== Records from a collection ==
____

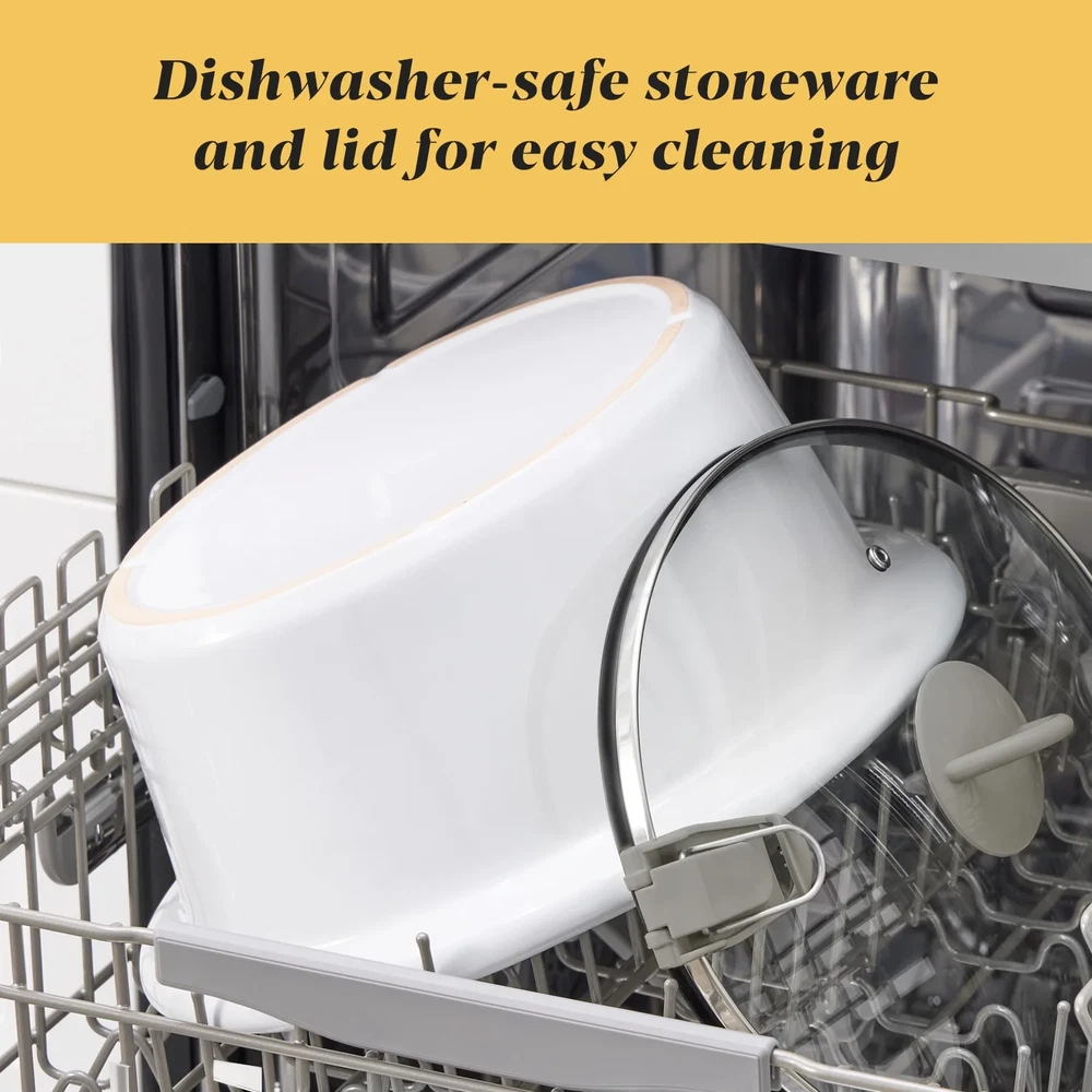 Cook & Carry Locking Lid: Travel-proof locking lid features a tight seal that prevents leaks and spills, for mess-free travel when you're on the go Customized Cook Time: Programmable cooking control lets you customize your cook time from 30 minutes up to 20 hours Digital Display: Digital countdown display easily monitors and tracks cook time Large Capacity: 7-quart size feeds 9+ people, perfect for family meals, potlucks, or feeding a crowd Auto-Warm Setting : Auto-Warm setting keeps food at serving temperature until it's time to eat, and can also be used as a food warmer Oven-Safe Stoneware: Removable stoneware is oven-safe up to 400 degrees F Dishwasher-Safe: Stoneware and lid are both dishwasher-safe, for easy cleanup after cooking is complete Model #: 2193800 Capacity: 7 qt
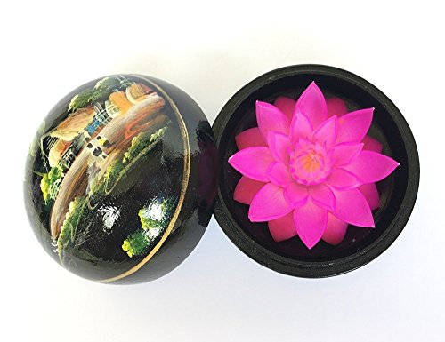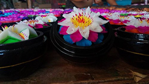 Thai Hand-Carved Soap Flower, 3 Inch Scented Soap Carving Gift-Set, Lotus In Decorative Wood Case, Thailand, By WADSUWAN SHOP. (F001)
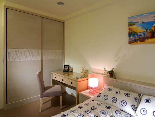编辑推荐:床头以白橡木安排,衣柜门片为了日后方便业主作空间的变幻使用,于是以壁纸取代木皮,重伸复古浪漫氛围。
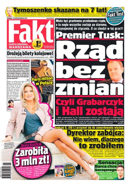 Od poniedziałku droższe są ceny biletów kolejowych Przewozów Regionalnych; Julia Tymoszenko, była premier Ukrainy, została skazana na siedem lat więzienia; mimo zapowiadanych zmian przebudowy rządu, na razie wszystko zostaje po staremu; Andrzej G., dyrektor więzienia w Sztumie, przyznał się do zamordowania więźnia; według Aleksandra Kwaśniewskiego SLD powinno wziąć pod uwagę bliższą współpracę z Ruchem Palikota.
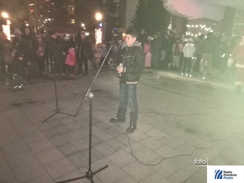 Tineri de la şcolile gimnaziale numărul 2 şi numărul 6 din Reşiţa, împreună cu o parte din corul de copii Menestrelul şi tânărul Ionuţ Ghilea, au susţinut un spectacol în faţa sutelor de reşiţeni prezenţi la eveniment.
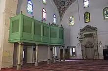 A Hünkâr Mahfili is a structure within the prayer hall of a mosque used for worship by the Sultan, the royal family, and high-ranking government officials. It originated in the Ottoman mosque of Turkey. Often raised, it provides privacy and protection from would-be assassins. It is often attached to a Hünkâr Kasrı.[1]
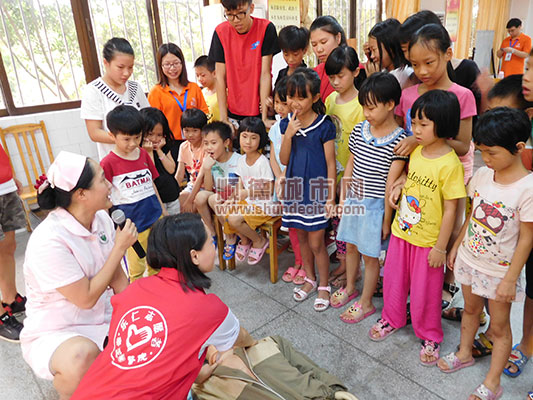 顺德城市网消息 (记者潘洁玲 通讯员陈文娟) 近日,广州医科大学附属乐从医院联合上华村委,在上华村委会举办“暑期夏令营-急救技能培训班”,活动共吸引30多位小朋友及志愿者参与。
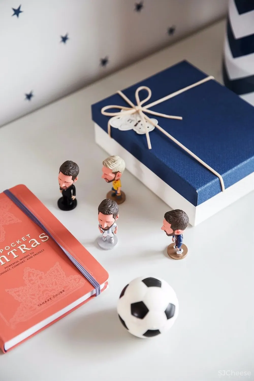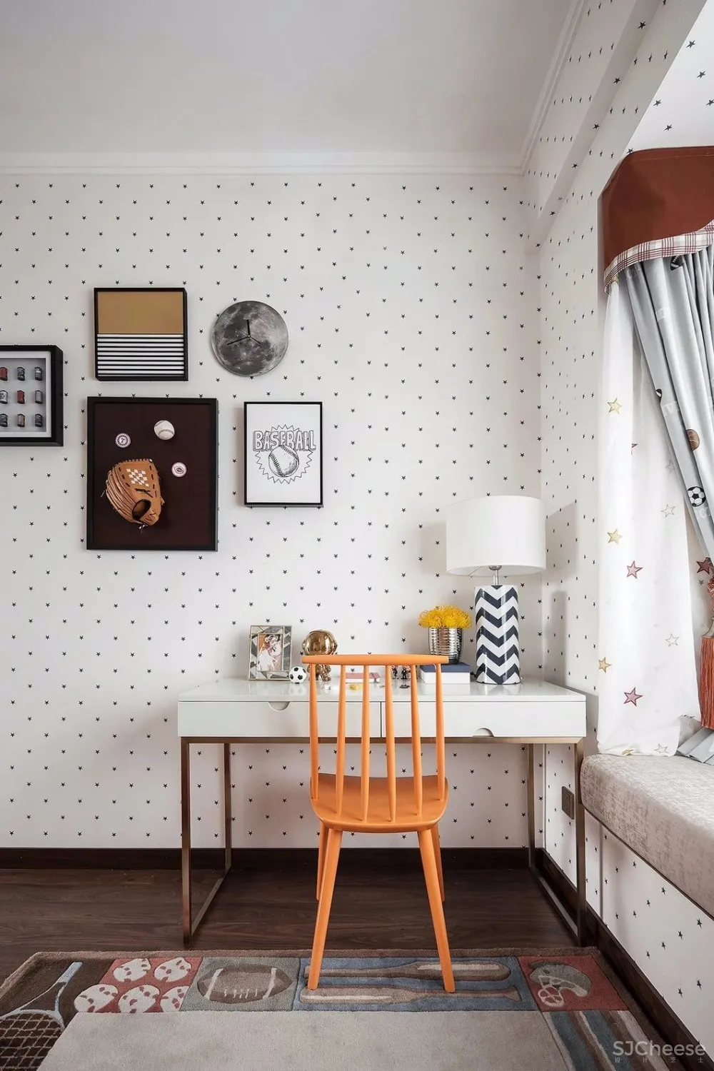 儿童空间自由充满趣味,摒弃了常规的空间布置。橙色为主色调的家具、床品突显了当代主义的整体基调,书桌上踢球的球员、床边的橄榄球套装无不通往畅想的世界。

____

== What to produce ==
Would you write out exactly the lines of the data from the one holding "A Hünkâr Mahfili" to the final line, both included, with pictures left out?

== Exercise output ==
 A Hünkâr Mahfili is a structure within the prayer hall of a mosque used for worship by the Sultan, the royal family, and high-ranking government officials. It originated in the Ottoman mosque of Turkey. Often raised, it provides privacy and protection from would-be assassins. It is often attached to a Hünkâr Kasrı.[1]
 顺德城市网消息 (记者潘洁玲 通讯员陈文娟) 近日,广州医科大学附属乐从医院联合上华村委,在上华村委会举办“暑期夏令营-急救技能培训班”,活动共吸引30多位小朋友及志愿者参与。
 儿童空间自由充满趣味,摒弃了常规的空间布置。橙色为主色调的家具、床品突显了当代主义的整体基调,书桌上踢球的球员、床边的橄榄球套装无不通往畅想的世界。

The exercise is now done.